AMD is building its largest-ever fab in the north. What are the government incentives for that fab to produce trailing-edge chips.
“Rust never sleeps.” The way to reawaken the Rust Belt is to put trailing-edge chip fabs in an area that has decades of industrialization experience. Existing infrastructure can be upgraded. It has the greatest fresh-water resources. Numerous vendor businesses serving a chip fab will spring up like mushrooms across the Great Lakes Region. It’s colder in these climes, which will reduce the cost to heat/cool fabs. Springsteen wrote: “those jobs are gone and they ain’t coming back.” The right policy will bring jobs back. Just how hard is it for policy makers to understand how to steer government incentives. Replace politics with geography.

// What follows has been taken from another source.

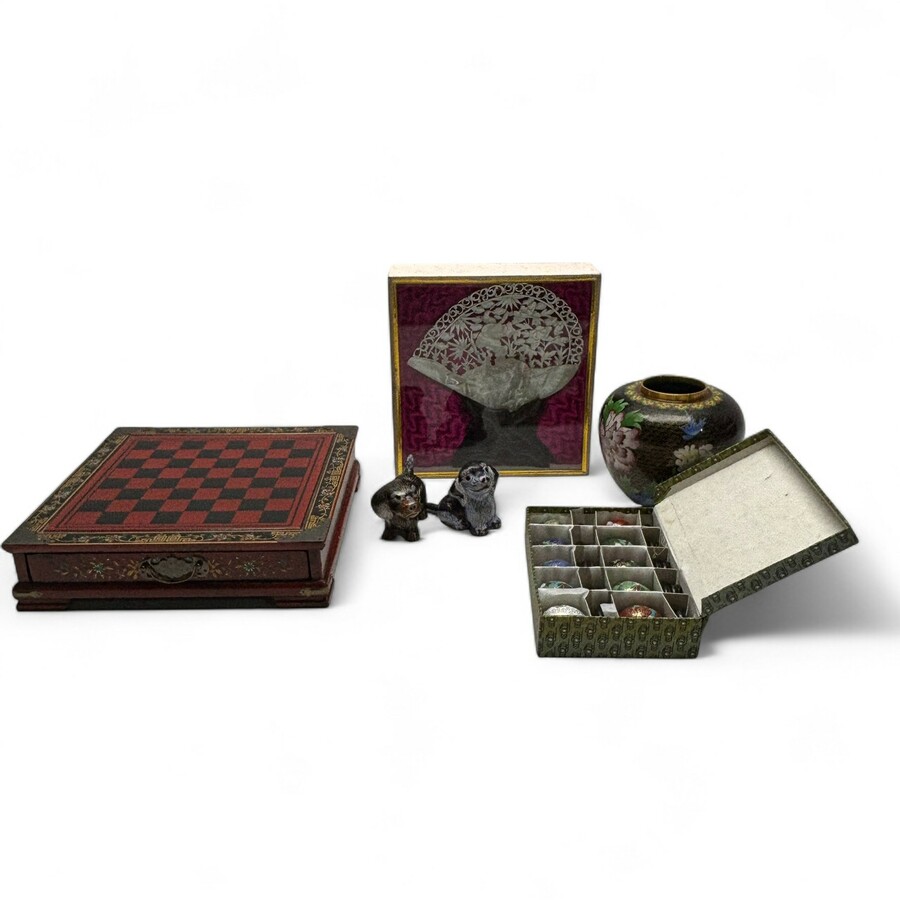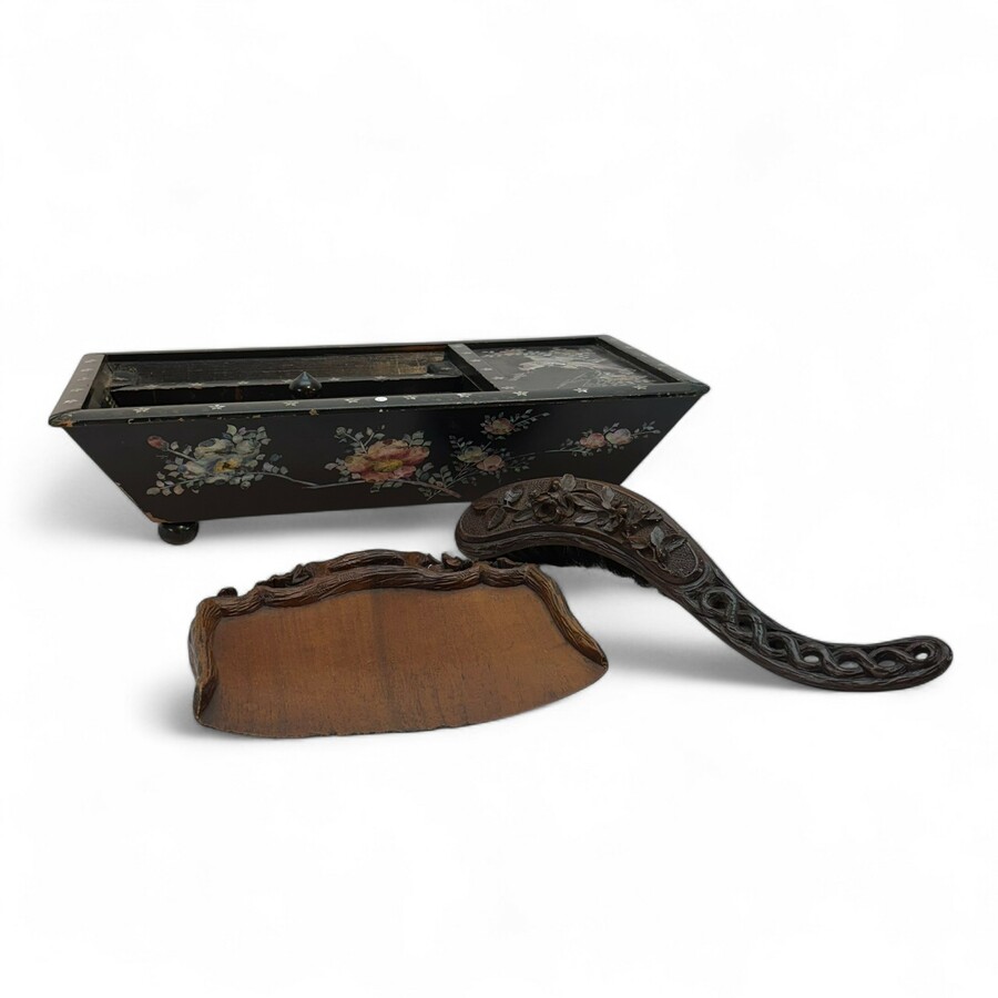 Aziatische kist, en gestoken houten stoffer en blik

As for amortizing old equipment: it should be cost-effective when you consider 90% of ASML machines are still working. I think this expert is right when he writes about the mud-structure of semiconductor corporations. If they aren’t willing to restructure, don’t give them government funding. As we know, Silicon Valley was built with U.S. Defense Department money. Before that, the railroads were financed out of Silicon Valley with government money. This is doable.
Incredibly informative. Thank you.
Really good guest post. Kudos to the author and Noah both.
To my mind, we started down this path (of giving up on manufacturing commodity chips) in the 80s with RAM. until that point one could source almost every type of semiconductor and integrated circuit from a US supplier.
Strong focus on mature nodes and supply chain security is critical. I particularly appreciate the analysis of the economic and geopolitical ramifications. While tariffs and sanctions may be unpalatable, they could be necessary to curb China's rapid advancement. Ultimately, a multifaceted strategy that prioritizes both mature node production and robust supply chain monitoring is essential for long-term semiconductor security.
- marketeer @ https://www.cientra.com/
“there are suspicions that the relentless waves of negative stories about TSMC in Arizona may be misinformation from China; there certainly is a motive, and there have definitely been real challenges, but the fact remains the first fab is on pace to open next year, and TSMC has actually increased its commitment to the site.”
-- Stratechery
ASML employs people from 90 countries. It makes a conscious effort to encourage subcultures/social groups within its workforce to make employee transition less fractious.
Maybe it’s harder to blend two cultures (U.S./Taiwan than 90 cultures.